The Sound Booth Laboratory has a BIOPAC MP-160 system for physiological data collection.   This system supports two BIOPAC Respiratory Effort Transducers and their associated interface modules.

Language Corpora

  • The Cornell Linguistics Department has more than 880 language corpora from the Linguistic Data Consortium (LDC), consisting of high-quality text, audio, and video corpora in more than 60 languages.    In addition, we receive three to four new language corpora per month under an LDC license maintained by the Cornell Library.

 

 

  • These and other corpora are available to Cornell students, staff, faculty, post-docs, and visiting scholars for research in the broad area of "natural language processing", which of course includes all ongoing Phonetics Lab research activities.   

 

  • This Confluence wiki page - only available to Cornell faculty & students -  outlines the corpora access procedures for faculty supervised research.

 

Speech Aerodynamics

Studies of the aerodynamics of speech production are conducted with our Glottal Enterprises oral and nasal airflow and pressure transducers.

Electroglottography

We use a Glottal Enterprises EG-2 electroglottograph for noninvasive measurement of vocal fold vibration.

Ultrasound

Our GE LOGIQbook portable ultrasonic imaging system is used for studying vocal tract kinematics and dynamics.

Real-time vocal tract MRI

Our lab is part of the Cornell Speech Imaging Group (SIG), a cross-disciplinary team of researchers using real-time magnetic resonance imaging to study the dynamics of speech articulation.

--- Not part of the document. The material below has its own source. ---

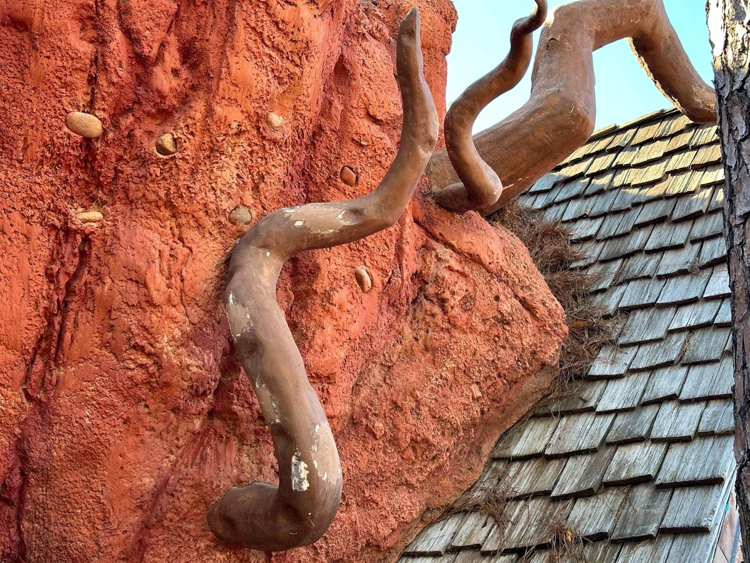 Around the side of the attraction near the former Briar Patch gift shop, many of the thorns remain, along with the previous color scheme of the rock work.

Articulatory movement tracking

We use the Northern Digital Inc. Wave motion-capture system to study speech articulatory patterns and motor control.

Sound Booth

Our isolated sound recording booth serves a range of purposes--from basic recording to perceptual,  psycholinguistic, and ultrasonic experimentation. 

 

We also have the necessary software and audio interfaces to perform low latency real-time auditory feedback experiments via MATLAB and Audapter.